### Records for this task ###
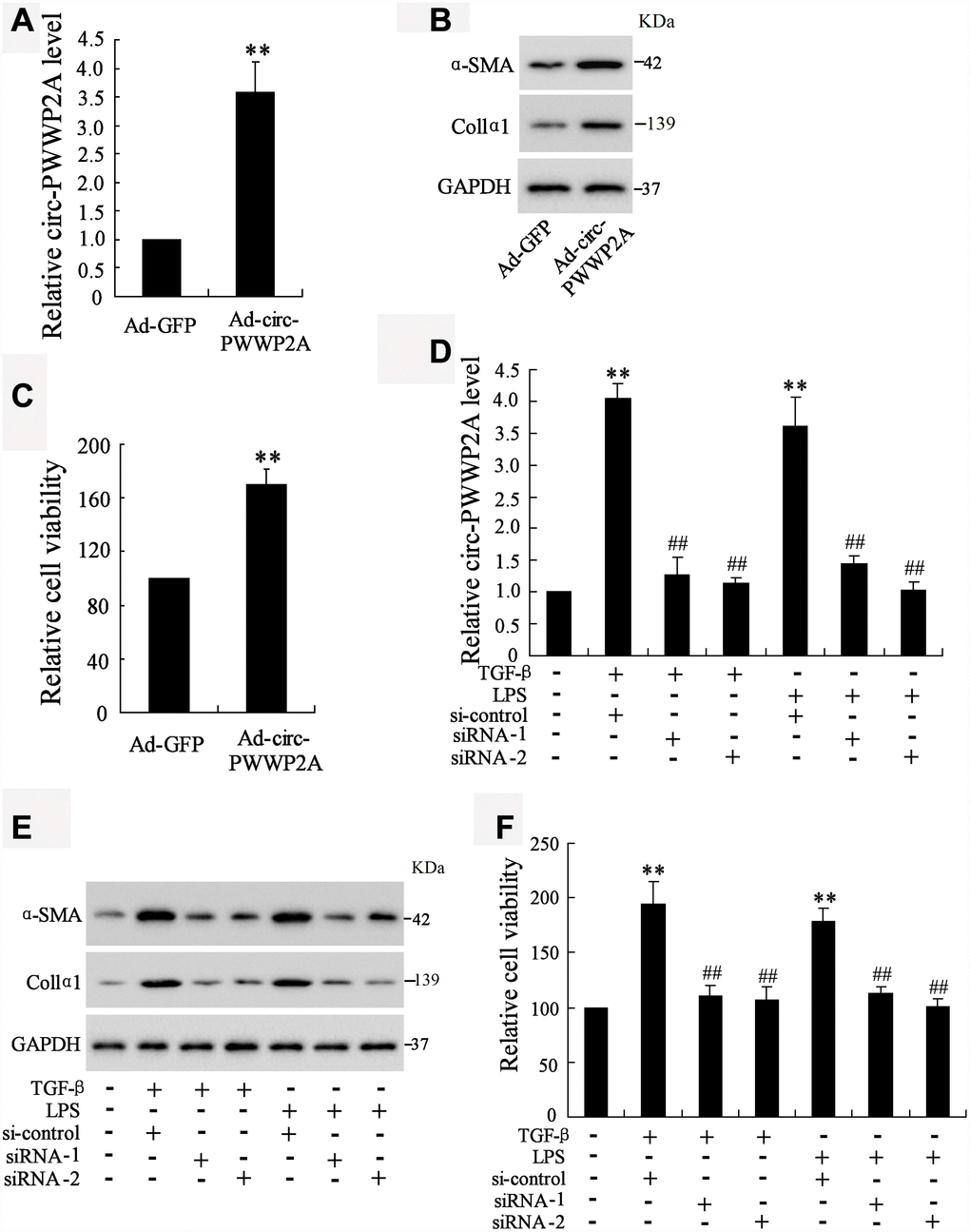 Given the upregulation of circ-PWWP2A in activated HSCs and fibrotic liver tissues, we further explored whether circ-PWWP2A regulates the activation and proliferation of HSCs. The result showed that overexpressing circ-PWWP2A using Ad-circ-PWWP2A transfection in LX-2 cells (Figure 2A) increased protein expression of α-SMA and Col1α1, both of which were activated HSC markers (Figure 2B), and it also promoted HSC proliferation (Figure 2C). Interfering circ-PWWP2A using siRNA of circ-PWWP2A in TGF-β- or LPS-activated LX-2 cells (Figure 2D) reduced protein expression of α-SMA and Col1α1 (Figure 2E), and it inhibited the proliferation of activated-HSCs (Figure 2F). These findings indicated that circ-PWWP2A positively regulates the activation and proliferation of HSCs.
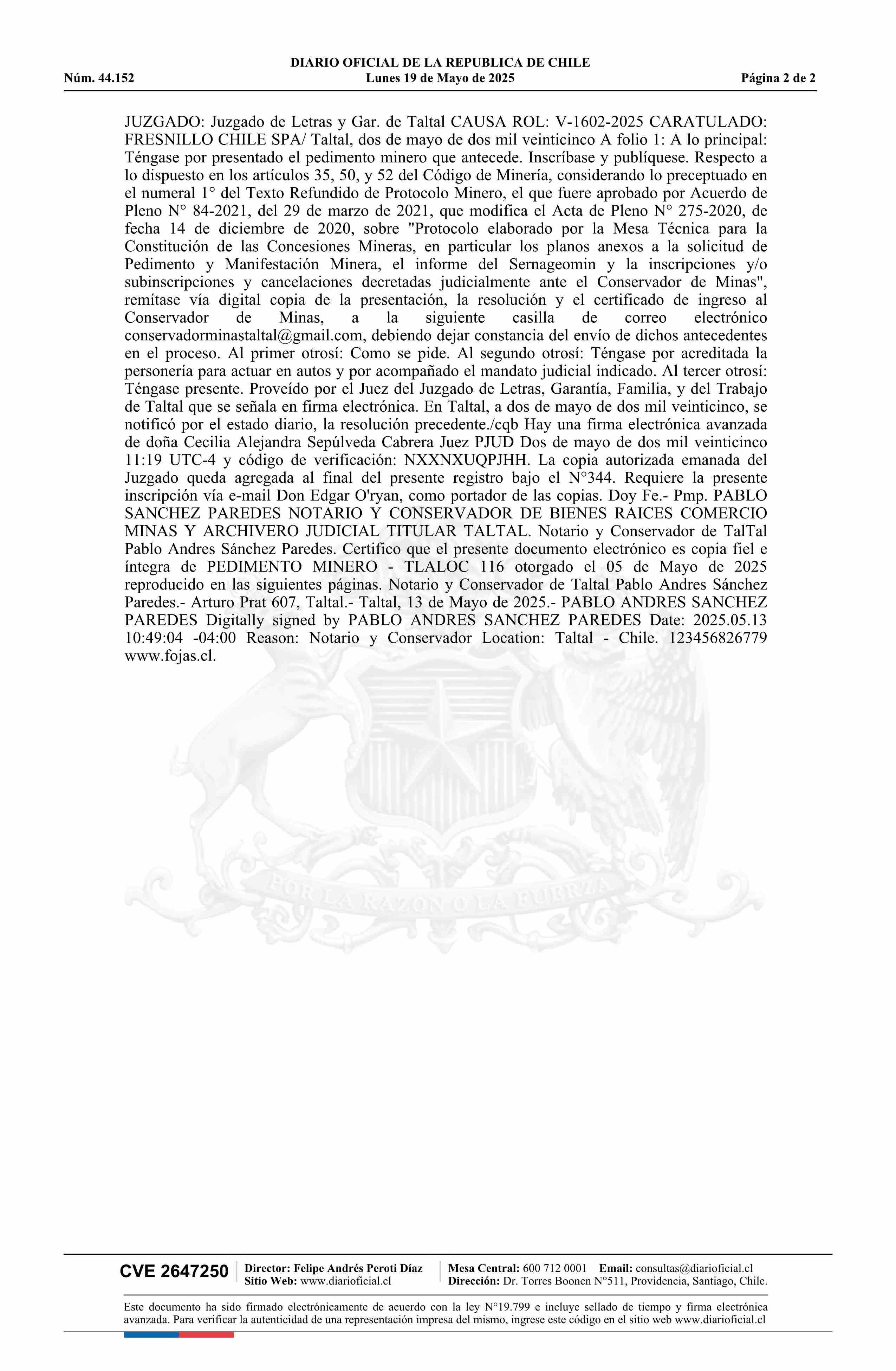 TLALOC 116 / Fresnillo Chile SpA 19-05-2025 DIARIO OFICIAL CHILE - BOLETÍN OFICIAL DE MINERÍA |
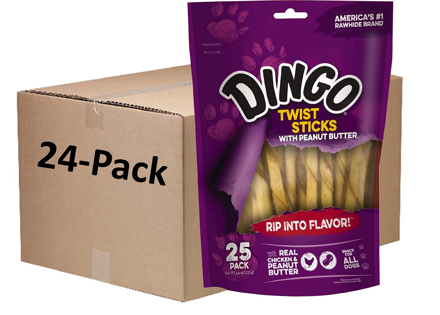Dingo Peanut butter twist sticks are made with real chicken and premium rawhide combined with peanut butter. Your pup will love the playful shape and big flavor that this treat offers. Promote clean teeth from the natural action and chewing while providing a great source of protein.
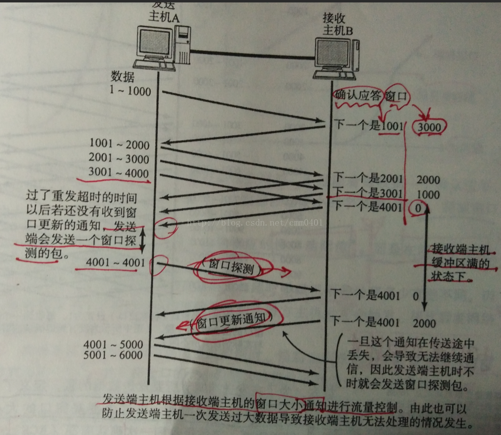 (3)如图11 所示:当接收端主机收到了从3001号开始的数据包之后其缓冲区即将满,不得不暂时停止接收数据,于是把窗口大小设置为0,然后通知该发送端。之后,发送端在收到新的窗口更新值的通知之后通信才得以继续进行。
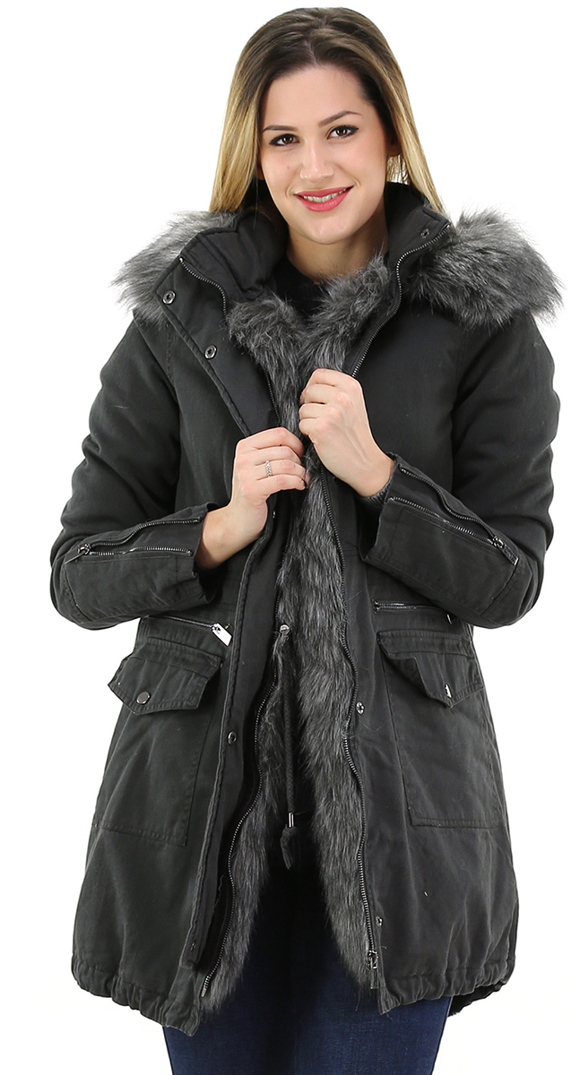 Parka in cotone con imbottitura in fake fur e maniche lunghe con zip sul fondo. Cappuccio estraibile e zip di chiusura frontale. La modella è alta 1.75 ed indossa la taglia XS.
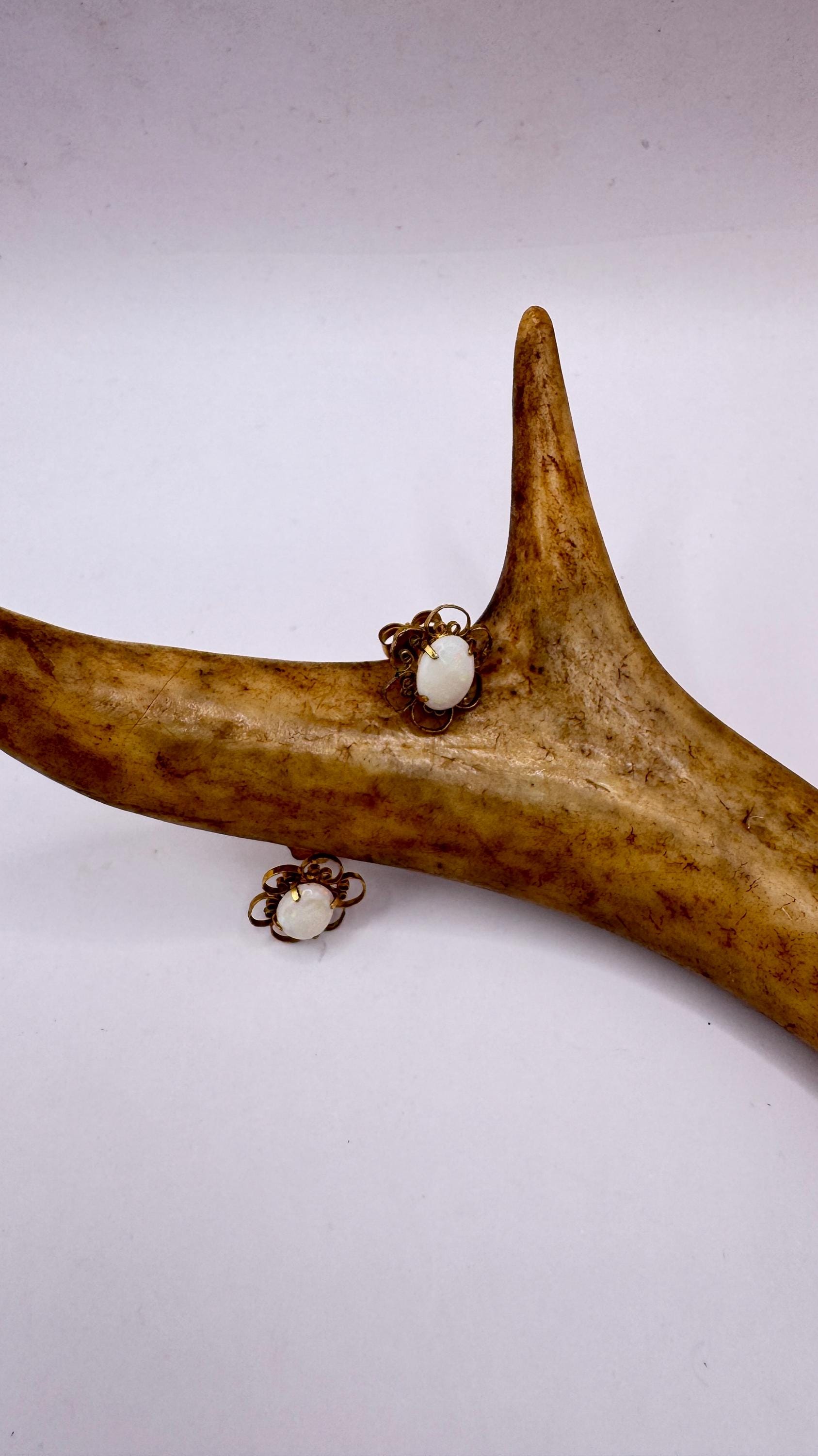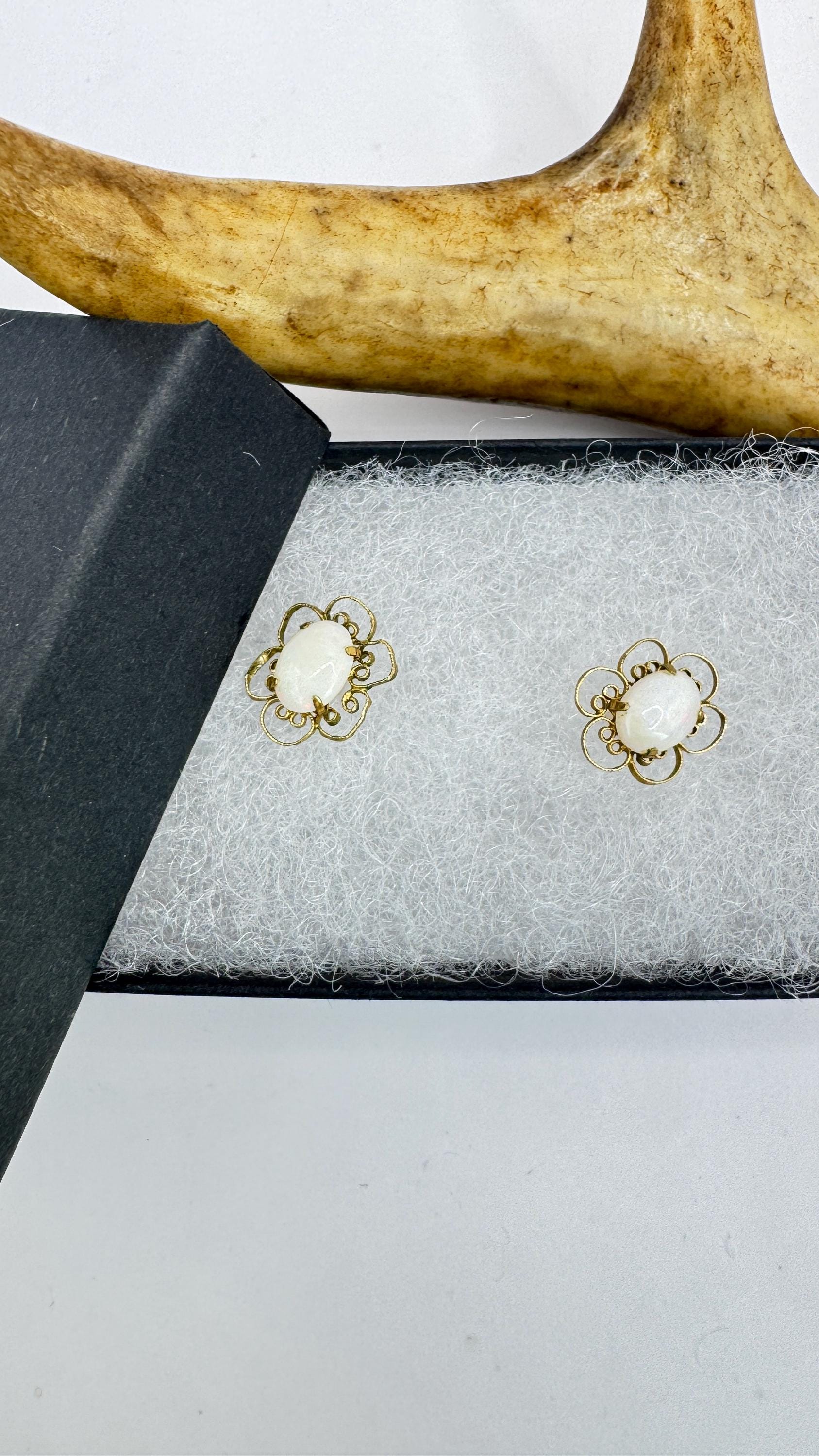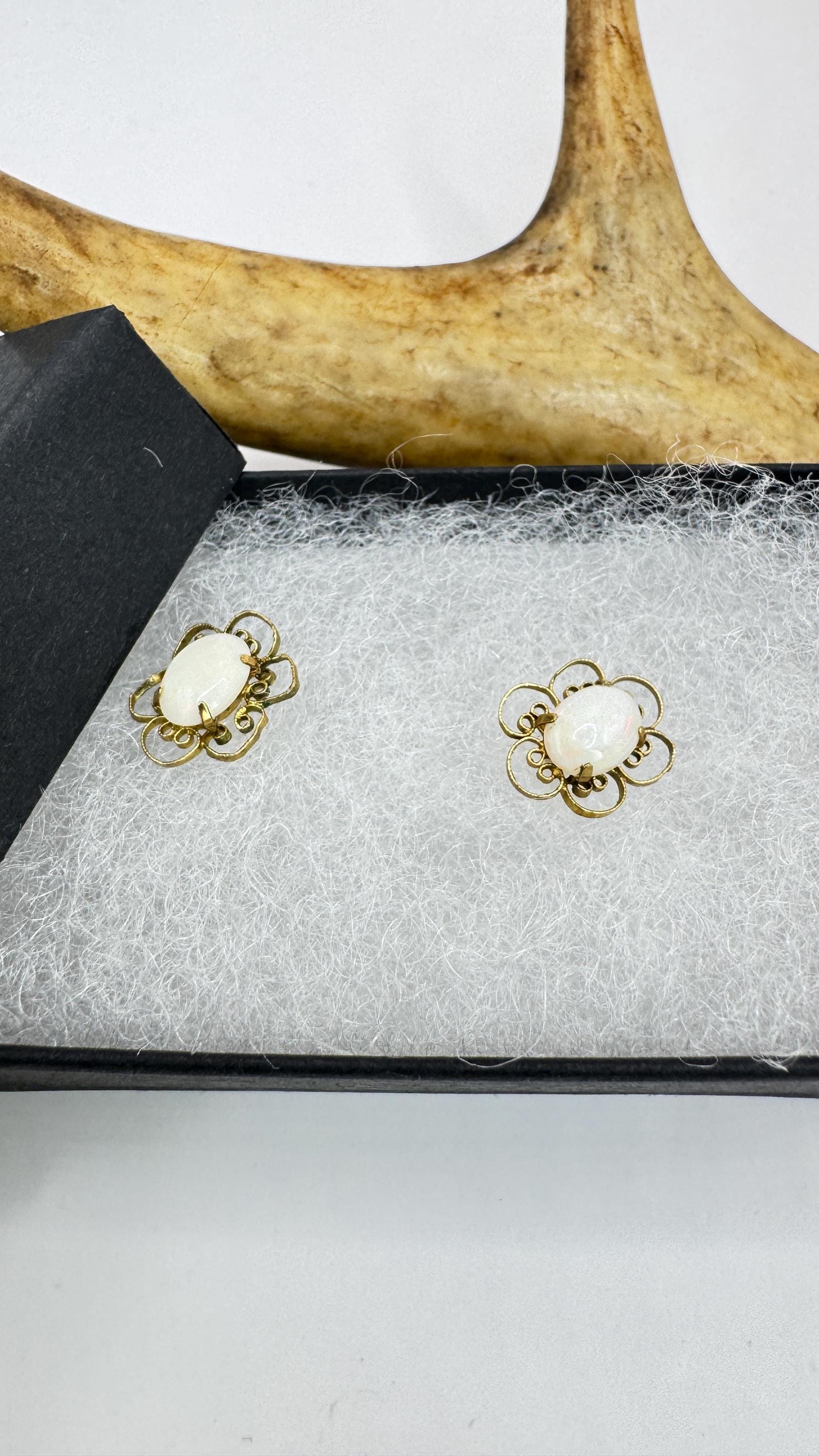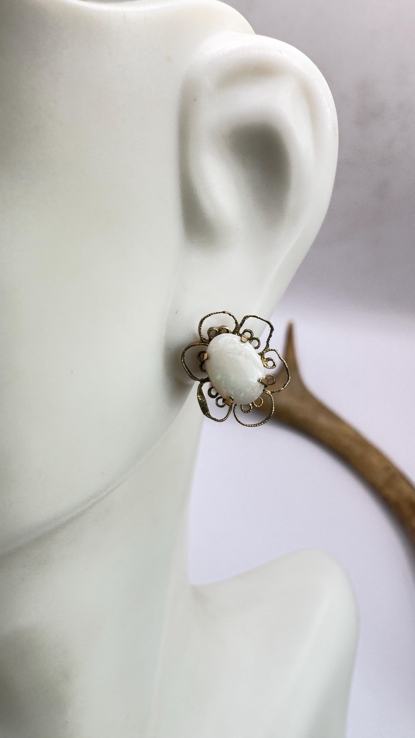 Star Silver Earrings featuring Mini white Fire Opals Gemstones. These elegant stud button earrings are a fun pair to wear... Read more
###
Exercise description: Each record must be quoted in full and exactly. Do not include the pictures.

Result of the task:
 Given the upregulation of circ-PWWP2A in activated HSCs and fibrotic liver tissues, we further explored whether circ-PWWP2A regulates the activation and proliferation of HSCs. The result showed that overexpressing circ-PWWP2A using Ad-circ-PWWP2A transfection in LX-2 cells (Figure 2A) increased protein expression of α-SMA and Col1α1, both of which were activated HSC markers (Figure 2B), and it also promoted HSC proliferation (Figure 2C). Interfering circ-PWWP2A using siRNA of circ-PWWP2A in TGF-β- or LPS-activated LX-2 cells (Figure 2D) reduced protein expression of α-SMA and Col1α1 (Figure 2E), and it inhibited the proliferation of activated-HSCs (Figure 2F). These findings indicated that circ-PWWP2A positively regulates the activation and proliferation of HSCs.
 TLALOC 116 / Fresnillo Chile SpA 19-05-2025 DIARIO OFICIAL CHILE - BOLETÍN OFICIAL DE MINERÍA |
Dingo Peanut butter twist sticks are made with real chicken and premium rawhide combined with peanut butter. Your pup will love the playful shape and big flavor that this treat offers. Promote clean teeth from the natural action and chewing while providing a great source of protein.
 (3)如图11 所示:当接收端主机收到了从3001号开始的数据包之后其缓冲区即将满,不得不暂时停止接收数据,于是把窗口大小设置为0,然后通知该发送端。之后,发送端在收到新的窗口更新值的通知之后通信才得以继续进行。
 Parka in cotone con imbottitura in fake fur e maniche lunghe con zip sul fondo. Cappuccio estraibile e zip di chiusura frontale. La modella è alta 1.75 ed indossa la taglia XS.
 Star Silver Earrings featuring Mini white Fire Opals Gemstones. These elegant stud button earrings are a fun pair to wear... Read more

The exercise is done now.